A prenatal diagnosis of this genetic disease relies heavily on the sampling of chorionic-villus or amniocentesis. A karyotype analysis should also be done with peripheral blood mononuclear cells. If the initial karyotype testing does not indicate Turner syndrome, a second karyotype should be performed utilizing a different tissue sampling such as dermal tissue, bladder epithelial tissue, or buccal mucosa tissue sampling. Fluorescence in-situ hybridization (FISH) study is an option in addition to the karyotype, which can detect abnormality in part of the DNA sequence or chromosomes regarding missing chromosomal material. Other than karyotyping and FISH, MRI, ultrasonography, and cardiovascular evaluation along with marker tests of hormones AMH and TSH levels should be employed for confirmation of the disease.
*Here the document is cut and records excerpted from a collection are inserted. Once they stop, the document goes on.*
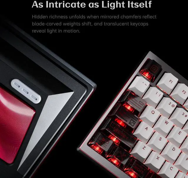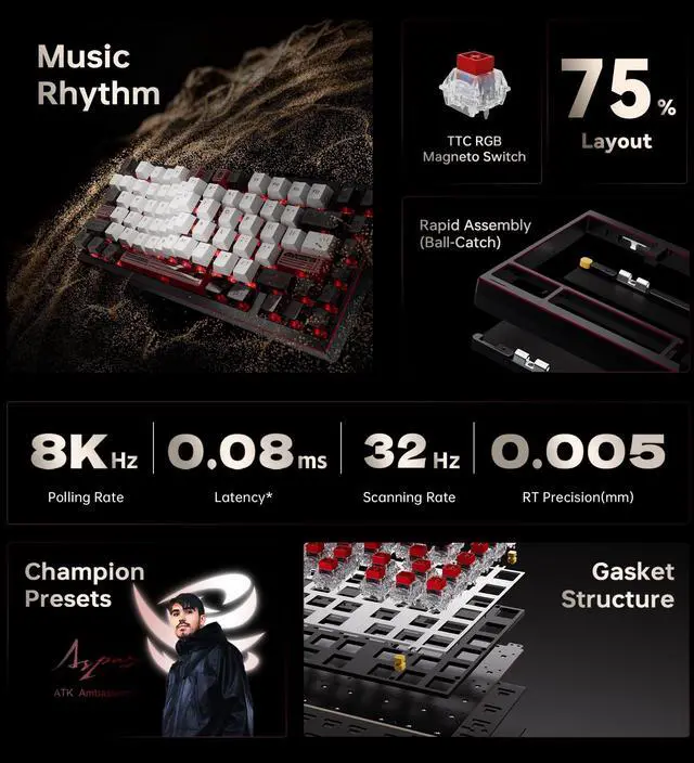 The ATK EDGE 75 HE is a high-performance 75% eSports keyboard engineered for precision and speed. Featuring a gasket-mount structure with Ball-Catch rapid assembly, it delivers responsive and satisfying keyfeel. Rapid Trigger (RT) actuation is adjustable anywhere between 0.005 mm and 3.3 mm in fine 0.005 mm increments, empowering gamers to optimize actuation for gameplay or typing comfort. With blazing-fast 32 kHz scanning, 8 kHz polling, and a response latency as low as ~ 0.08 ms, this keyboard ensures lightning-quick inputs. The CNC aluminum chassis with polished chamfers provides both durability and premium aesthetics.
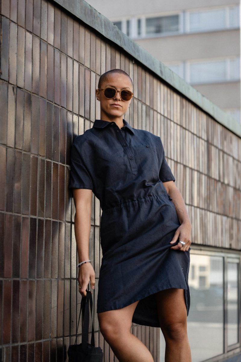 Das Notsgi Dress besteht aus 50 Prozent Hanf und 50 Prozent Bio-Baumwolle – der perfekte atmungsaktive Materialmix für einen funktionalen Sommerlook. Das Design mit halber Knopfleiste, lockerer Passform und verstellbarem Bund sorgt für optimale Bewegungsfreiheit. Besonders praktisch sind die Brusttasche sowie die in den Nähten versteckten Seitentaschen.
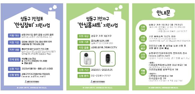 성동구는 지난해 여성 1인가구 ‘안심홈세트’(이중잠금장치, 휴대용 비상벨, 가정용 CCTV) 및 여성 1인점포 ‘안심비상벨’ 지원사업을 추진, 102가구, 7개 점포를 지원하여 구민들의 큰 관심과 호응을 얻은 바 있다.

Management comprises age-appropriate treatment of the symptoms, complications, and comorbidities of Turner syndrome, to improve the quality of life of the patients. Growth hormone therapy is the most promising therapy along with estrogen therapy in Turner syndrome. To encourage fertility preservation, all Turner syndrome women should be evaluated in childhood. Preservation is needed early in life as the majority of women will have their ovarian reserve exhausted before adulthood due to the disease. Growth hormone therapy can occasionally expose underlying scoliosis (a condition defining a one-sided curvature of the spine frequently diagnosed in adolescents). Hence, the patients should be monitored closely every six months, regarding the position of their spines during the treatment and if needed, they should consult an orthopedic surgeon for possible corrective surgery.
Quality of life
Quality of life-related complications with patients taking necessary growth hormone therapy are adverse effects of intracranial hypertension, pancreatitis (inflammation of the pancreas), and slipped capital femoral epiphyses (a condition defining rearrangement of bones on hip joints during teens and pre-teens years of growth). If the patient happens to need further assistance for growth even after administration of growth hormone, oxandrolone may be administered, or pubertal induction can be presented. Support groups recommend the use of Turner syndrome-specific transition tool kits such as the one improved by the Endocrine Society, Hormone Health Network, and Turner Syndrome Society of the U.S.A., specifically the American College of Physicians Pediatric to Adult Care Transitions toolkit. For best care, it is recommended that dual-energy X-ray absorptiometry or DXA scans for at least 5 years along with continued estrogen supplementation until ordinary menopausal age should be done; it can also manage bone health in women with Turner syndrome. Adequate counseling in adult Turner syndrome clinics should be performed for psychosocial issues, career options and sustenance, sexual function, contraception, fertility options as well as interpersonal relationships.